What the task requires: What's needed is an exact retyping of the lines from the start of the listing up to and including the line with "देवघर: आज सम्पूर्ण", minus any pictures.

Working data:
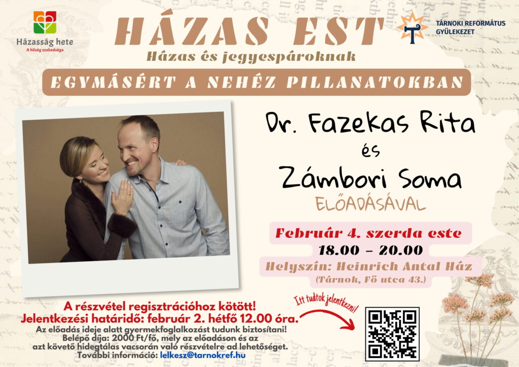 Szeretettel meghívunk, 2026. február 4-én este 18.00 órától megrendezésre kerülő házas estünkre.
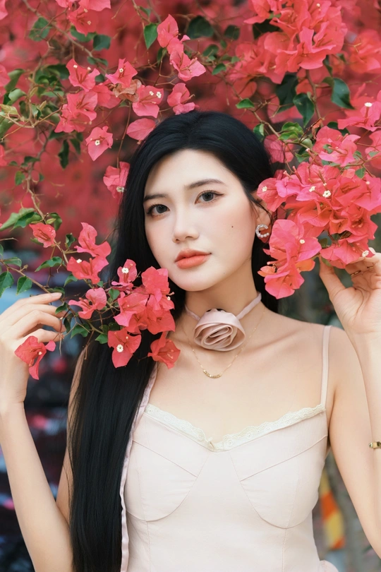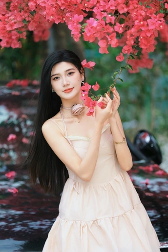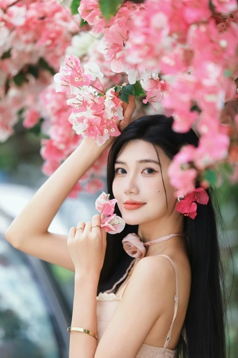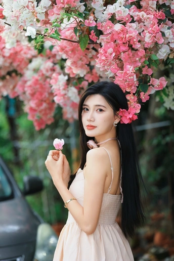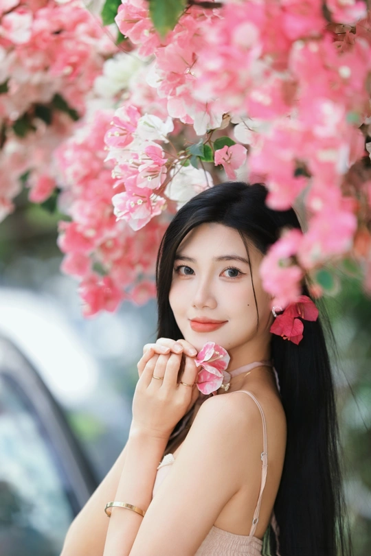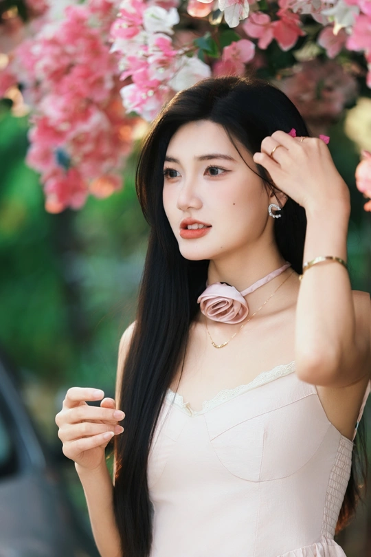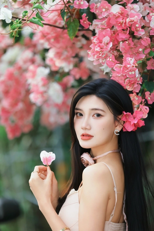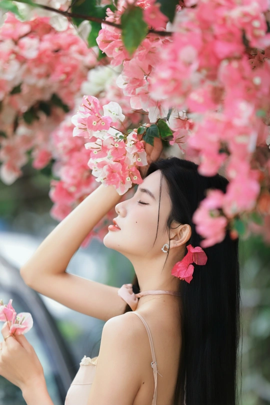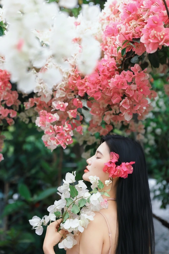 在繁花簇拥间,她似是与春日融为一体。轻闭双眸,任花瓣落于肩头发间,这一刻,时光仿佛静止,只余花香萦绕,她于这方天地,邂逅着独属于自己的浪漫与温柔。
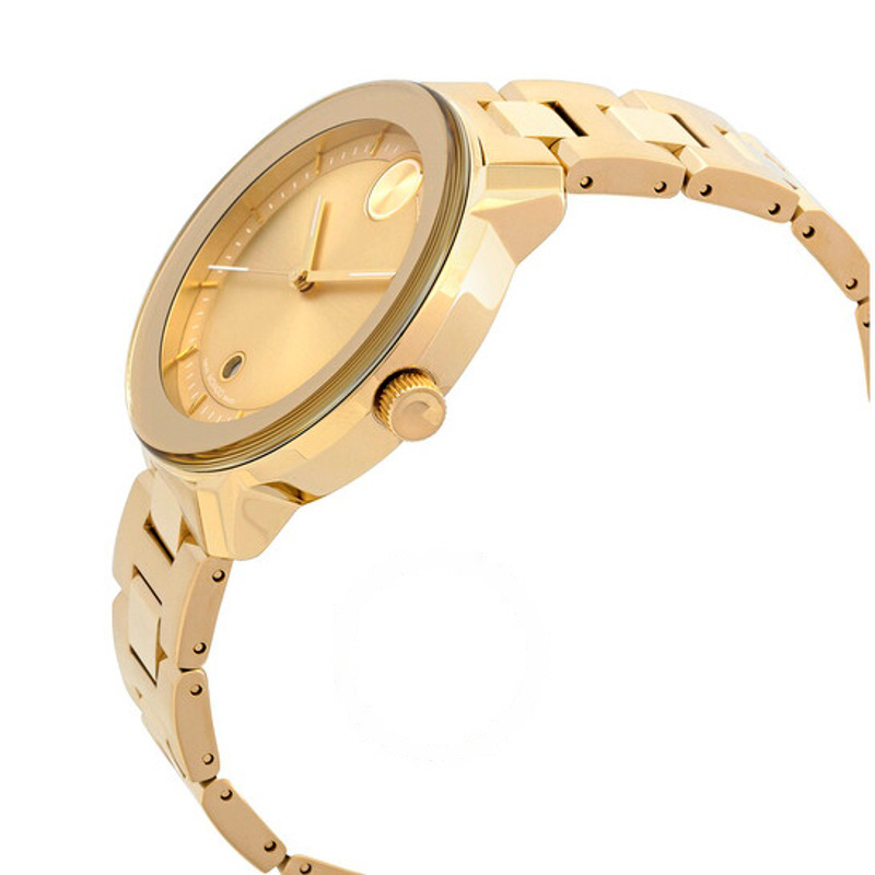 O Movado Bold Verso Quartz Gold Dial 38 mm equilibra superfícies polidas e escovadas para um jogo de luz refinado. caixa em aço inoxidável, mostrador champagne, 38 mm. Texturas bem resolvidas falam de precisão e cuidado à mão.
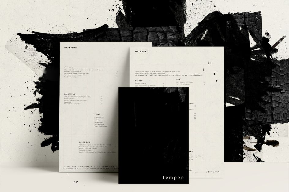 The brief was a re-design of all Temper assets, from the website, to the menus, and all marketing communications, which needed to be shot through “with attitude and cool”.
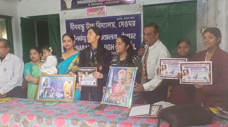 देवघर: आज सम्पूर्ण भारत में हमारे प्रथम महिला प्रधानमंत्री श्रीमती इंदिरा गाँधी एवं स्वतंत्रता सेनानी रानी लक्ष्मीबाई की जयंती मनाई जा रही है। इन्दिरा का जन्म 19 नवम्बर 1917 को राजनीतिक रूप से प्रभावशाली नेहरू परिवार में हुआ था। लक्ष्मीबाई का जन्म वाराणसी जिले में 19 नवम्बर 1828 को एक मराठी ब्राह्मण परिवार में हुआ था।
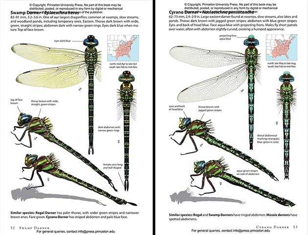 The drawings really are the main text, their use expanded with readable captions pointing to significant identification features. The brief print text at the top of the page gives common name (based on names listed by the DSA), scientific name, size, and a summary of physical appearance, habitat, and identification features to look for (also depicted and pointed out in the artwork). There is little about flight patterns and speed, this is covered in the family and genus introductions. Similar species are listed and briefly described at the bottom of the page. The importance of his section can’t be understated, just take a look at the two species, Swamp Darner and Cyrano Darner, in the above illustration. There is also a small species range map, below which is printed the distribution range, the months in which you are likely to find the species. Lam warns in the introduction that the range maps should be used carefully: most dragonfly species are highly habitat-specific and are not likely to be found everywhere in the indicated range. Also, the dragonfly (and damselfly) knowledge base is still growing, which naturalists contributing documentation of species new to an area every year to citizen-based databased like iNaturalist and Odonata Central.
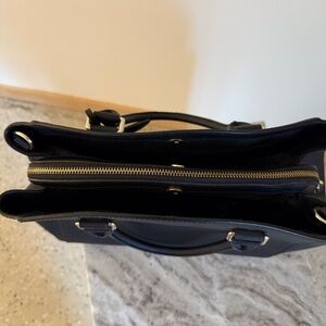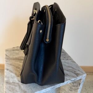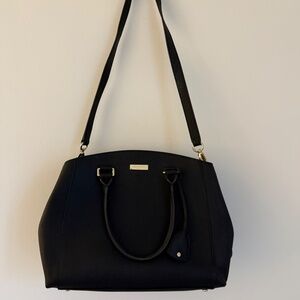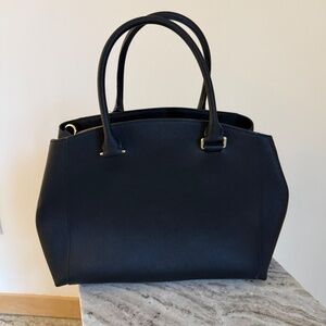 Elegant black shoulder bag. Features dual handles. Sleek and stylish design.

Exercise response:
 Szeretettel meghívunk, 2026. február 4-én este 18.00 órától megrendezésre kerülő házas estünkre.
 在繁花簇拥间,她似是与春日融为一体。轻闭双眸,任花瓣落于肩头发间,这一刻,时光仿佛静止,只余花香萦绕,她于这方天地,邂逅着独属于自己的浪漫与温柔。
 O Movado Bold Verso Quartz Gold Dial 38 mm equilibra superfícies polidas e escovadas para um jogo de luz refinado. caixa em aço inoxidável, mostrador champagne, 38 mm. Texturas bem resolvidas falam de precisão e cuidado à mão.
 The brief was a re-design of all Temper assets, from the website, to the menus, and all marketing communications, which needed to be shot through “with attitude and cool”.
 देवघर: आज सम्पूर्ण भारत में हमारे प्रथम महिला प्रधानमंत्री श्रीमती इंदिरा गाँधी एवं स्वतंत्रता सेनानी रानी लक्ष्मीबाई की जयंती मनाई जा रही है। इन्दिरा का जन्म 19 नवम्बर 1917 को राजनीतिक रूप से प्रभावशाली नेहरू परिवार में हुआ था। लक्ष्मीबाई का जन्म वाराणसी जिले में 19 नवम्बर 1828 को एक मराठी ब्राह्मण परिवार में हुआ था।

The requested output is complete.